Substituições mudaram a cara do Grêmio no segundo tempo

Em termos de tabela e projeção, o empate de 0 a 0, em casa, com o Newell's Old Boys, não é resultado ruim. O Grêmio segue como líder do grupo e com a classificação bem encaminhada. Contudo, a partida na noite desta quinta-feira, na Arena, deixa mais que um ponto para o time gaúcho. Deixa também a sensação - como nos jogos anteriores da Libertadores - que a equipe de Enderson Moreira está no caminho certo quanto a sua formatação, e goza de um grupo de jogadores com boas opções para mudar o panorama de um jogo.

Diego Vara / Agência RBS
O time argentino foi uma parada duríssima, jogando um primeiro tempo de muito respeito, privilegiando a posse de bola e conseguindo certa imposição diante de uma Arena lotada. No 4-3-3, com a bola passando por Banega, Max Rodrigues e Figueroa, faltou ao NOB verticalidade. Mesmo no bom primeiro tempo que fez, como no segundo tempo mais cauteloso, a equipe do técnico Alfedro Berti não exigiu do goleiro Marcelo Grohe a realização de nenhuma defesa com qualquer grau de dificuldade. Fruto, também, da boa postura da linha de quatro defensores do Grêmio mais o auxílio dos três volantes.

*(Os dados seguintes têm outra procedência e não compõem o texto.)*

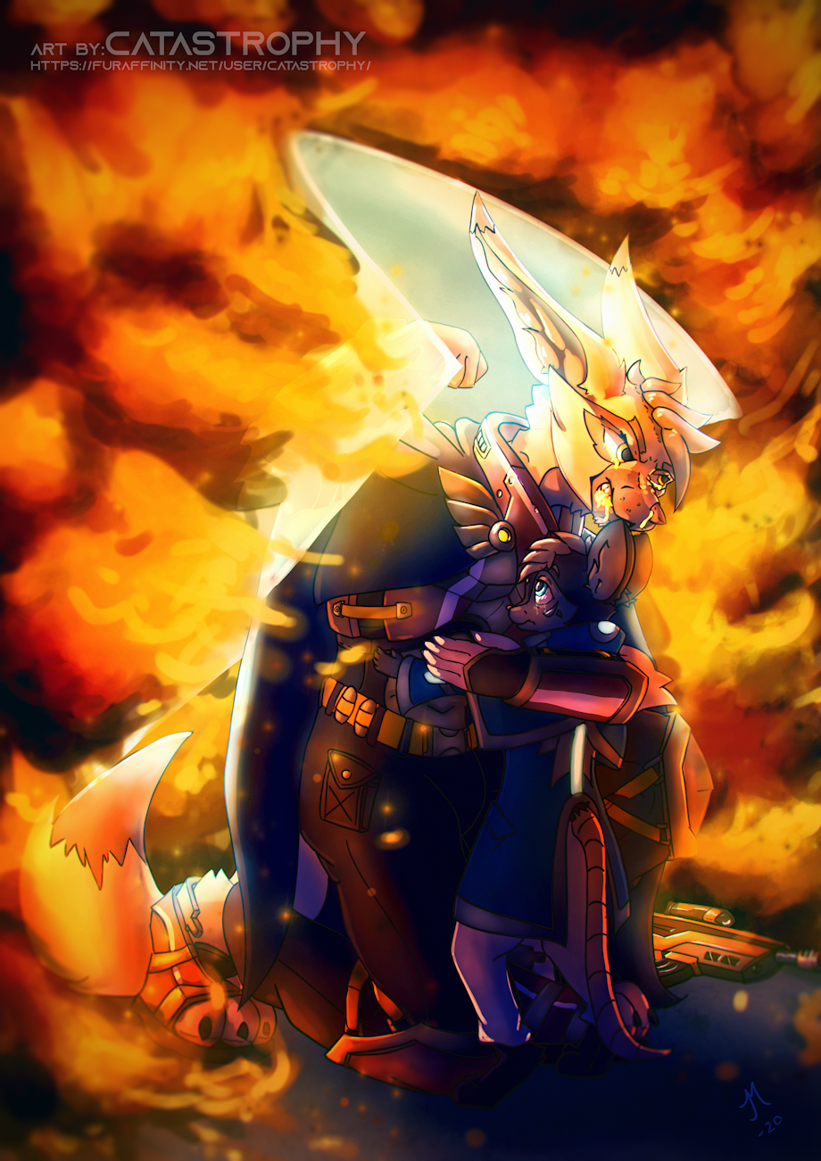 Marcus using his sheild ability to protect a child from an explosion. The ability takes it's toll.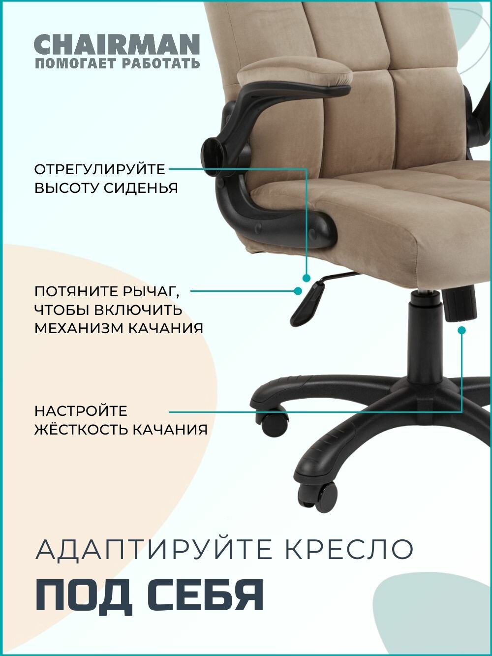 Компьютерное кресло для дома и офиса CHAIRMAN HOME 444, ткань велюр, бежевый информация:

Mas o que chamou atenção foi a mudança gremista do primeiro do segundo tempo. De um time mais passivo, tentando especular contra-ataques, o Grêmio se tornou um time insinuante, que buscou o gol e fez do goleiro Guzmán o principal nome da partida. Do 4-3-2-1, com Zé Roberto e Luan especialmente atuando por dentro, caindo pouco pelos flancos, com Riveros e Ramiro pouco inspirados tecnicamente, o Tricolor passou para o 4-2-3-1. Detalhe é que os três bons meias que compuseram a linha atrás de Barcos saíram do banco de reservas: Dudu, Alan Ruiz e Maxi Rodrigues.

O Grêmio acaba, na média, fazendo um bom jogo de futebol, construindo várias oportunidades na segunda etapa para que pudesse liquidar o adversário. E sem dúvida é um diagnóstico importante constatar que parcela considerável da mudança de postura do Grêmio veio do banco. É sinal que o Grêmio tem grupo razoavelmente qualificado para seguir crescendo na competição. Ainda que o uruguaio Maxi Rodruiguez pareça abaixo daquilo que foi em 2013, o conjunto em si prevalece, e me parece melhor com relação ao ano passado.